REQUIRED WORK> In the records below, find the line with "CAD D80 Large", then retype it and every following line exactly, stopping after the line with "On this night, in". Leave the pictures out.

RECORDED INFORMATION>
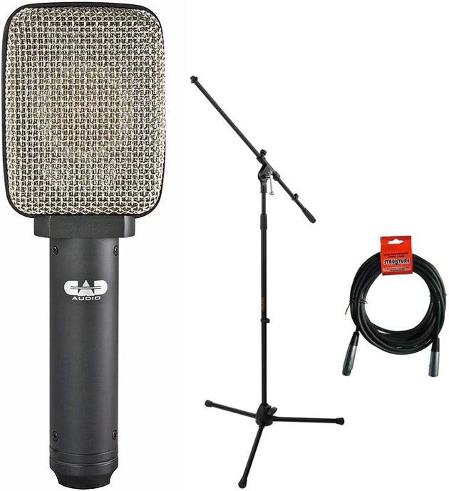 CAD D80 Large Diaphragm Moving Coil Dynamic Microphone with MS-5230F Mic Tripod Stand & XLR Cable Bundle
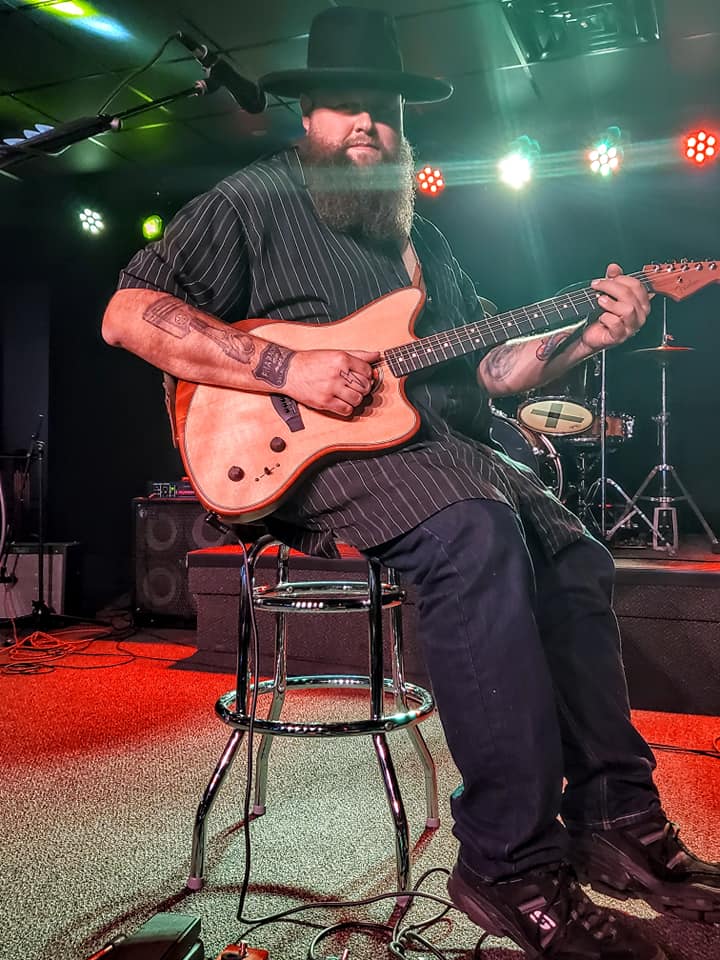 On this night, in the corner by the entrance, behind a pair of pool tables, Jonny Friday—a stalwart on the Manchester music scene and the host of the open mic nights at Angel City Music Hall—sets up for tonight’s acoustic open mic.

---

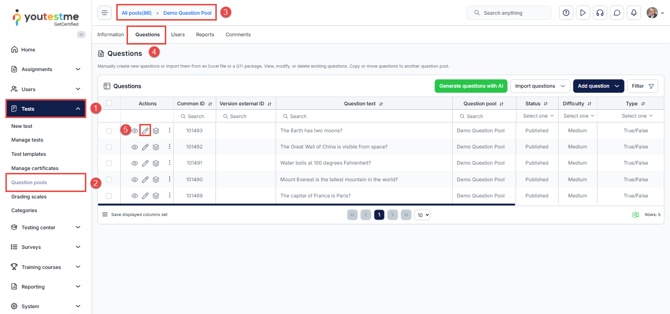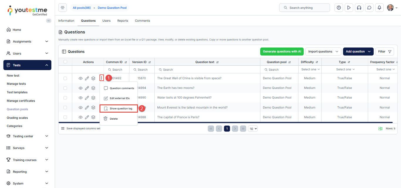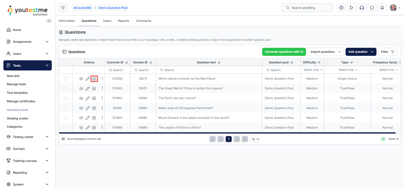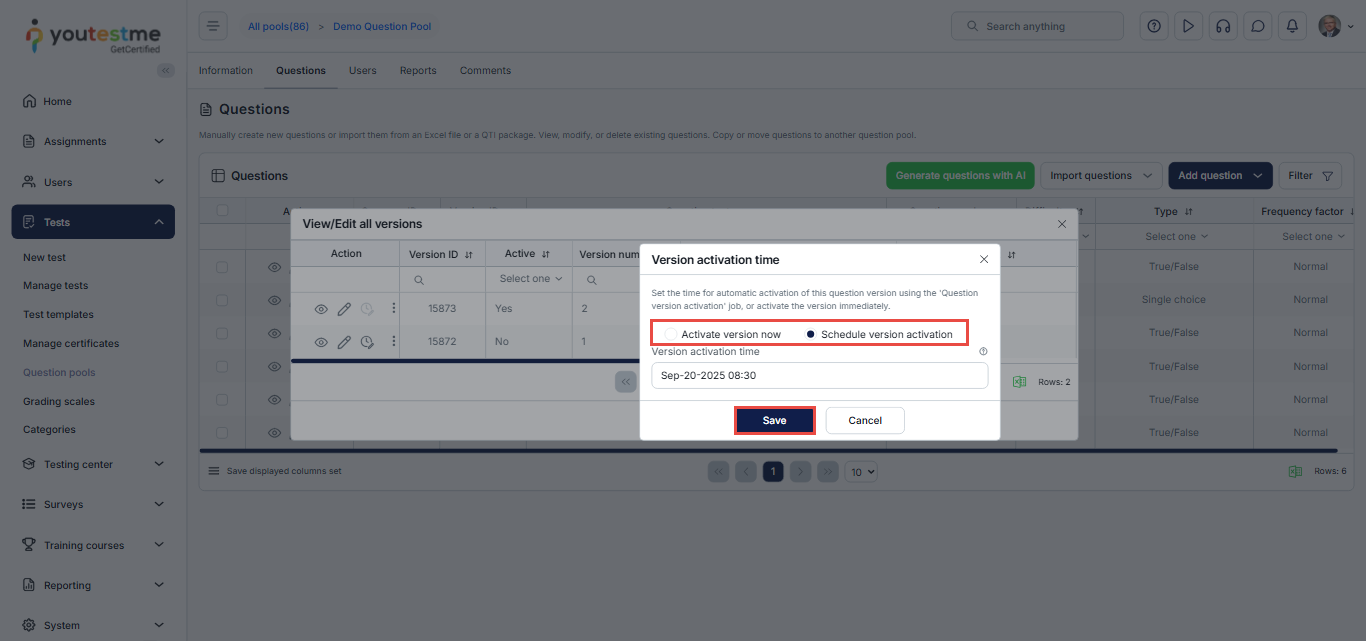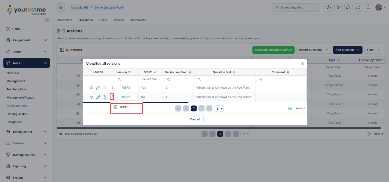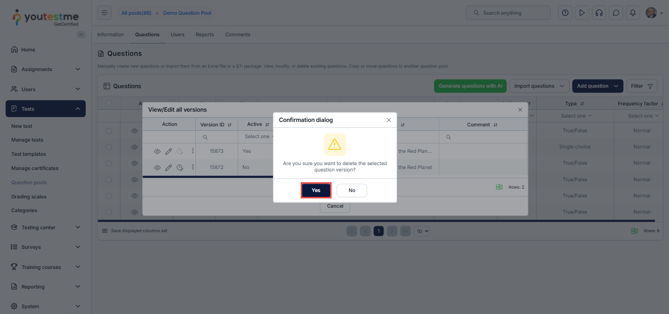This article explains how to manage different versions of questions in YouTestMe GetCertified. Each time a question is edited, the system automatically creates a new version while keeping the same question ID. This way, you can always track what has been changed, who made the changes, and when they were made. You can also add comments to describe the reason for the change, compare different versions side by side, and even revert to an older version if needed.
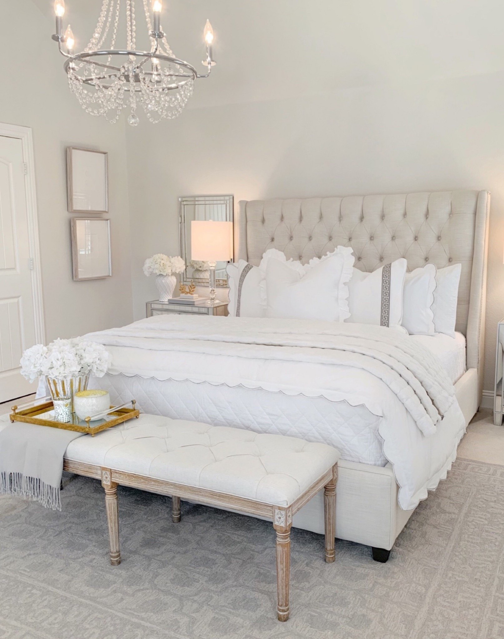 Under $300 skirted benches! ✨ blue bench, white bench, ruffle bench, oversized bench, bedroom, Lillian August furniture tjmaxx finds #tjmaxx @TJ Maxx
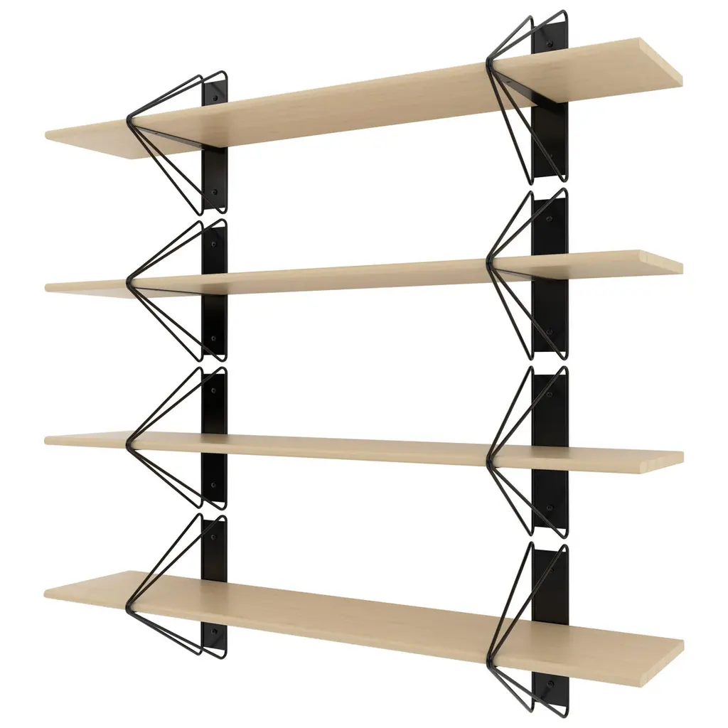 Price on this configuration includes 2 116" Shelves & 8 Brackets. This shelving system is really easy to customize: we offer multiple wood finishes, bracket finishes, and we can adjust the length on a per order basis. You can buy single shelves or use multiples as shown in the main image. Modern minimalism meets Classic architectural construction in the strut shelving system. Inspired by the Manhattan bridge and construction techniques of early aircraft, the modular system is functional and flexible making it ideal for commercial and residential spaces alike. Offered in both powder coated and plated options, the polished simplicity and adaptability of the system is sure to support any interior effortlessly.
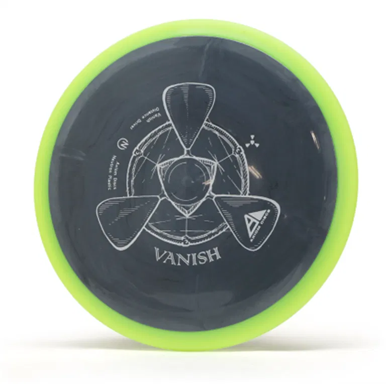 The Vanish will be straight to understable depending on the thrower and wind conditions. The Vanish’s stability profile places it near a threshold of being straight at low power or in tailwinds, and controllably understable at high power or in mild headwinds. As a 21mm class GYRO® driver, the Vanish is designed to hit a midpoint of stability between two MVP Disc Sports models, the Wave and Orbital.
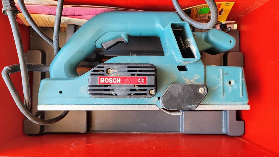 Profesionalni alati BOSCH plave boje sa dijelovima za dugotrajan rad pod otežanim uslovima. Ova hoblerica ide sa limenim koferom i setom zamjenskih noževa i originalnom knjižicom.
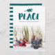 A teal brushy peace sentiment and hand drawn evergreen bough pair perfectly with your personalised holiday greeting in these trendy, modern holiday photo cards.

RESULT FOR THIS TASK>
 CAD D80 Large Diaphragm Moving Coil Dynamic Microphone with MS-5230F Mic Tripod Stand & XLR Cable Bundle
 On this night, in the corner by the entrance, behind a pair of pool tables, Jonny Friday—a stalwart on the Manchester music scene and the host of the open mic nights at Angel City Music Hall—sets up for tonight’s acoustic open mic.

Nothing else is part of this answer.